The shape of specialized pore canals in ostracodes is known to change in response to salinity levels. As salinity increases, the outline of the canal changes from round to oval to irregular. Analysis of the proportions of the different pore canal shapes has been used to reconstruct Quaternary marginal marine environments. Size and carapace structure can also be used to infer salinity. Marine and freshwater species tend to be smaller in brackish water. In conditions of raised salinity, carapaces tend to be more heavily calcified and show an increase in ornamentation, although in extreme environments (e.g., hypersaline) ostracodes tend to be thin shelled.

Sea level variation in marginal marine environments can be documented using ostracodes. Estuarine and brackish water assemblages are often used in the reconstruction of Pleistocene and Holocene sea level variation. Ostracodes have been used to identify submerged shorelines and differentiate between habitats associate with marginal marine environments.

Evolutionary history

The oldest ostracodes are reported from the early Cambrian, although the group was short lived. New forms radiated in the Ordovician, continuing through the rest of the Palaeozoic. The main groups became extinct at the end of the Permian but a further radiation occurred in the Jurassic and ostracodes persist to the present day.

Orsten fossils

In some areas, notably around Sweden and other Baltic states, limestone nodules are found in bituminous alum shales (rich in heavy hydrocarbons and phosphate). These unusual rocks probably formed on sea beds with limited or absent oxygen, and often record mass kills of animals that lived on or near the sea floor. The hydrocarbons come from incompletely decayed tissue, and the phosphate from the molecules in mitochondria that power cells, ATP and ADP (adenosine tri- and diphosphate).

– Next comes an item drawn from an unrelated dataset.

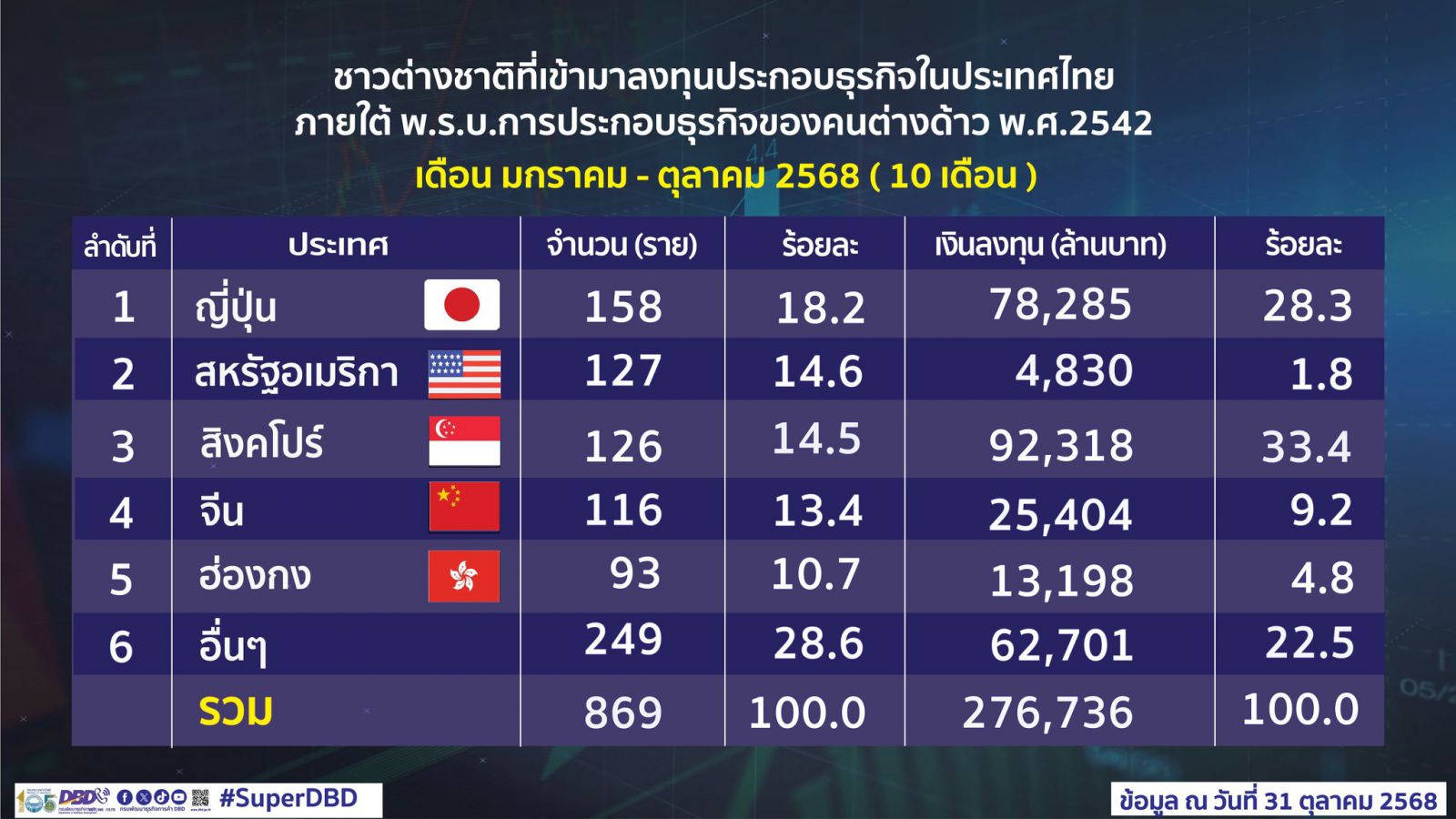 นายพูนพงษ์ นัยนาภากรณ์ อธิบดีกรมพัฒนาธุรกิจการค้า กระทรวงพาณิชย์ ในฐานะเลขานุการคณะกรรมการการประกอบธุรกิจของคนต่างด้าว เปิดเผยว่า ช่วง 10 เดือนของปี 2568 (มกราคม - ตุลาคม) มีการอนุญาตให้คนต่างชาติเข้ามาลงทุนประกอบธุรกิจในประเทศไทย ภายใต้พระราชบัญญัติการประกอบธุรกิจของคนต่างด้าว พ.ศ. 2542 จำนวน 869 ราย โดยเป็นการลงทุนผ่านช่องทางการขอรับใบอนุญาตประกอบธุรกิจของคนต่างด้าว 228 ราย และการขอหนังสือรับรองการประกอบธุรกิจของคนต่างด้าว (ผ่านช่องทางการลงทุนตามกฎหมายว่าด้วยการส่งเสริมการลงทุน หรือ ได้รับอนุญาตตามกฎหมายว่าด้วยการนิคมอุตสาหกรรมแห่งประเทศไทย และการใช้สิทธิตามสนธิสัญญาหรือความตกลงระหว่างประเทศ) 641 ราย มูลค่าเงินลงทุนรวมทั้งสิ้น 276,736 ล้านบาท โดยมีจำนวนชาวต่างชาติที่เข้ามาลงทุน 5 อันดับแรก ได้แก่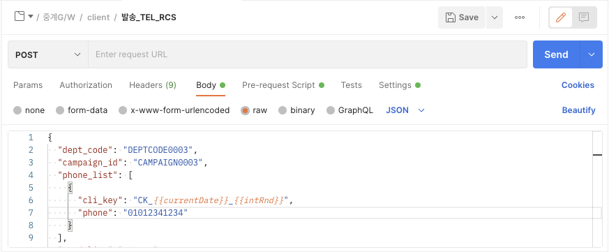 [Postman] 테스트 발송 시 현재시간, 램덤숫자 넣기 본문

The most common Orsten deposits are of Cambrian age, but they range up to the early Cretacous in their stratigraphic distribution. Dissolution of these nodules leaves a residue of exceptionally preserved microfossils. Only cuticle-bearing animals are preserved, with none greater than 2 mm in maximum dimension. Phosphate-rich fluids encrusted or impregnated the cuticle, leaving a 3-dimensional though usually hollow, fossil.

Orsten fossils are highly biased, coming mainly from arthropod groups, but they preserve, with extreme fidelity, the external form of embryos, larvae and a range of different molt stages for these species. Orsten fossils have thrown light on the function and evolution of arthropods, including trilobites and ostracodes. In Cambrian examples, stem-group arthropods have been recovered, which may show what the ancestors of all modern arthropods looked like. Intriguingly, even at this early stage in the Phanerozoic, arthropods have a high diversity, at a high taxonomic level. This is taken by some authors to suggest that the origin of the phylum lies well into the Proterozoic, consistent with molecular data, but at odds with the current fossil record from that time period (see p. 136).